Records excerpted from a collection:
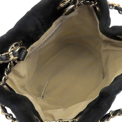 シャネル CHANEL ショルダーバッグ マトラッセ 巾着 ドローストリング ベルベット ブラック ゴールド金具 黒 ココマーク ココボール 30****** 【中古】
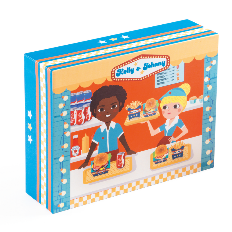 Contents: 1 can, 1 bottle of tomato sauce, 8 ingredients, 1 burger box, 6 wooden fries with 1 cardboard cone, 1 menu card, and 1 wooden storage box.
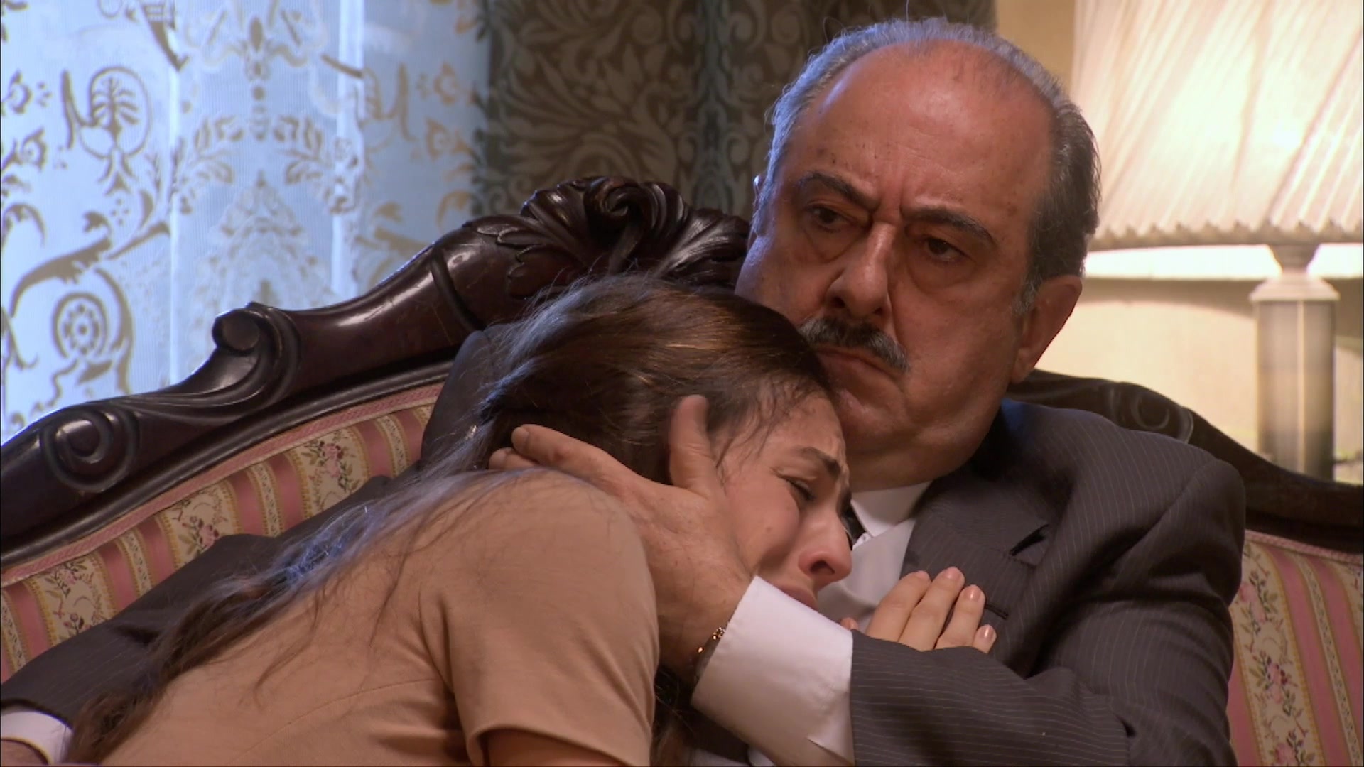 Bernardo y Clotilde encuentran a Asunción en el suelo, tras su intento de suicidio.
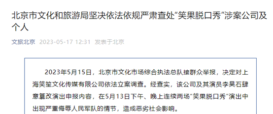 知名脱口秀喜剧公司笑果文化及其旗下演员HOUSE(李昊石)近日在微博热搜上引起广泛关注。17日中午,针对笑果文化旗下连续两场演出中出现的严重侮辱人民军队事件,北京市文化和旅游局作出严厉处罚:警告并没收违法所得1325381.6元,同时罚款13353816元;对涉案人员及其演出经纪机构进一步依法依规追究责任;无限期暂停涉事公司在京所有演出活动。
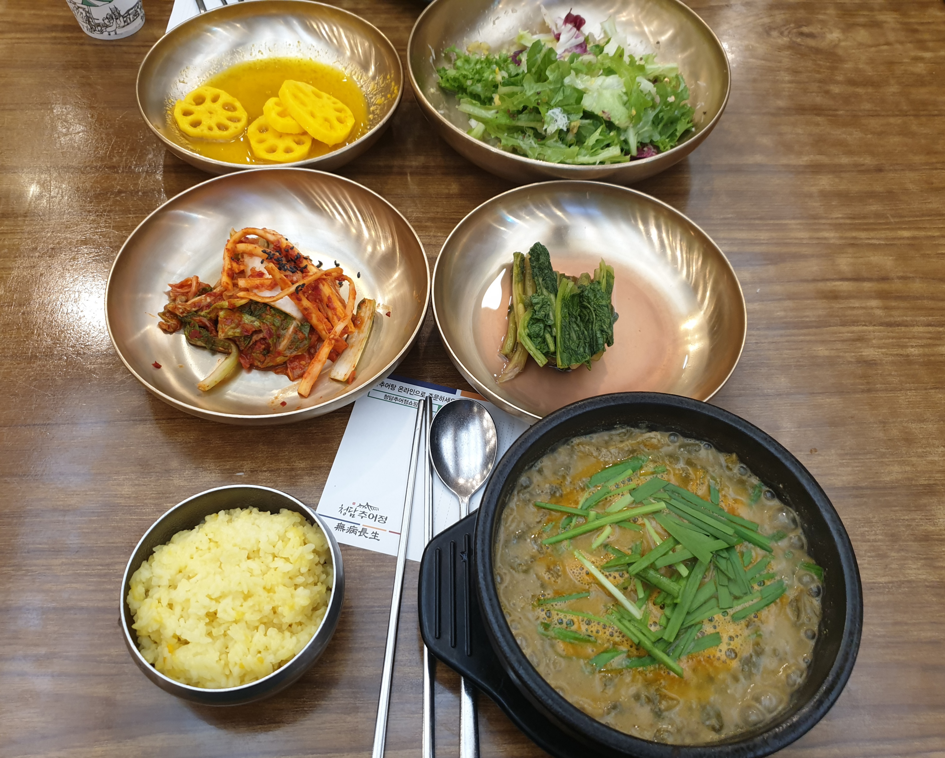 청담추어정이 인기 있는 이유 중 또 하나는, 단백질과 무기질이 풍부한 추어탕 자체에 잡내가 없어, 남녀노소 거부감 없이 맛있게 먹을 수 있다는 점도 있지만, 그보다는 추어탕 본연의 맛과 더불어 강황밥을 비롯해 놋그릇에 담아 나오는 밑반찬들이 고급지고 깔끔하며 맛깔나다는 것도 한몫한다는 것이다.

*WORK ITEM:*
Write the records out again exactly; none of the pictures belong in the copy.

*RESULT OF THE EXERCISE:*
 シャネル CHANEL ショルダーバッグ マトラッセ 巾着 ドローストリング ベルベット ブラック ゴールド金具 黒 ココマーク ココボール 30****** 【中古】
 Contents: 1 can, 1 bottle of tomato sauce, 8 ingredients, 1 burger box, 6 wooden fries with 1 cardboard cone, 1 menu card, and 1 wooden storage box.
 Bernardo y Clotilde encuentran a Asunción en el suelo, tras su intento de suicidio.
 知名脱口秀喜剧公司笑果文化及其旗下演员HOUSE(李昊石)近日在微博热搜上引起广泛关注。17日中午,针对笑果文化旗下连续两场演出中出现的严重侮辱人民军队事件,北京市文化和旅游局作出严厉处罚:警告并没收违法所得1325381.6元,同时罚款13353816元;对涉案人员及其演出经纪机构进一步依法依规追究责任;无限期暂停涉事公司在京所有演出活动。
 청담추어정이 인기 있는 이유 중 또 하나는, 단백질과 무기질이 풍부한 추어탕 자체에 잡내가 없어, 남녀노소 거부감 없이 맛있게 먹을 수 있다는 점도 있지만, 그보다는 추어탕 본연의 맛과 더불어 강황밥을 비롯해 놋그릇에 담아 나오는 밑반찬들이 고급지고 깔끔하며 맛깔나다는 것도 한몫한다는 것이다.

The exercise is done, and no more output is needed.